I was then asked by a friend from Zimbabwe (Tapfumeni Mashe) if I wanted to present to some of his colleagues, where they host WhatsApp based, interactive presentations. I promptly agreed as I thought it would be a nice challenge.

Then the numbers started piling up in the group, and it filled up. The maximum participants in a WhatsApp group is apparently 358. This is a slightly larger audience than I anticipated, and then I was informed that policy makers from Zimbabwe were present, as well as health officials and scientists.

*Gulp*

Despite not expecting this, I did the best I could in detailing the pure, unadulterated, sublime power of genomics & sequencing, especially in light of inferences made for SARS-Cov-2, the causative agent of Covid-19.

Since it was all done in a group, preparation was easy, as I could write the whole core talk before just posting it slowly. I thought in case anyone was interested, I would post my script here:

“Discussing methods of analysis and visualisation for SARS-Cov-2 sequence data – The power of genomics in epidemiology”

Good afternoon everyone.

My Name is Oliver Charity, and I work at the Quadram Institute in the United Kingdom. I am just finishing my PhD looking at genomic evolution of Salmonella Typhimurium. In my spare time I have been undertaking some SARS-Cov-2 analyses, in order to try and play my part in this terrible crisis.

This is me:

https://quadram.ac.uk/people/oliver-charity/

Today I thought that I would use this opportunity as a double-edged Sword – I will try to convince you that genome sequencing is a powerful and necessary tool in biological sciences, especially in the face of a pandemic such as this.
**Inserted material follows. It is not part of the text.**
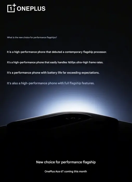 Μετά το κυκλοφορία του Άσσου 6 τον περασμένο μήνα, το OnePlus επιβεβαίωσε την κυκλοφορία του OnePlus Ace 6T στην Κίνα αργότερα τον Νοέμβριο. Θα είναι το πρώτο smartphone που θα τροφοδοτείται από το πιο πρόσφατο Snapdragon 8 Gen 5 SoC. Το teaser δείχνει ένα μεταλλικό πλαίσιο για το τηλέφωνο.

Doing this over WhatApp is an interesting experiment for me, so I will try and post a section, and then if anyone wants to discuss something then please say so, and we can continue afterward.

Introduction to the topic –

I think that we all know a current pandemic strain of SARS-Cov-2, which  originated from Wuhan, China, has since spread globally, and official figures stand at

2,004,989 cases

126,830 deaths

But thankfully

485,362 recovered.

As far as we know from epidemiologists, the numbers of cases are probably much higher as it is completely biased toward amounts of tests taken in any country.

Similarly, the recorded deaths are probably skewed, for example in the UK we only count those who have died in hospital, and patients positive with Coronavirus. Other countries are measuring their deaths either from Coronavirus (Covid-19), or those comorbid with Covid-19, etc.

The disease appears to primarily affect the respiratory tract, the most common symptoms being a dry cough and fever. It seems many patients die from secondary pneumonia, both viral and bacterial, producing fluid in the lungs, or a cytokine storm due to the pneumonia which can damage multiple organs, but the mechanism is unknown.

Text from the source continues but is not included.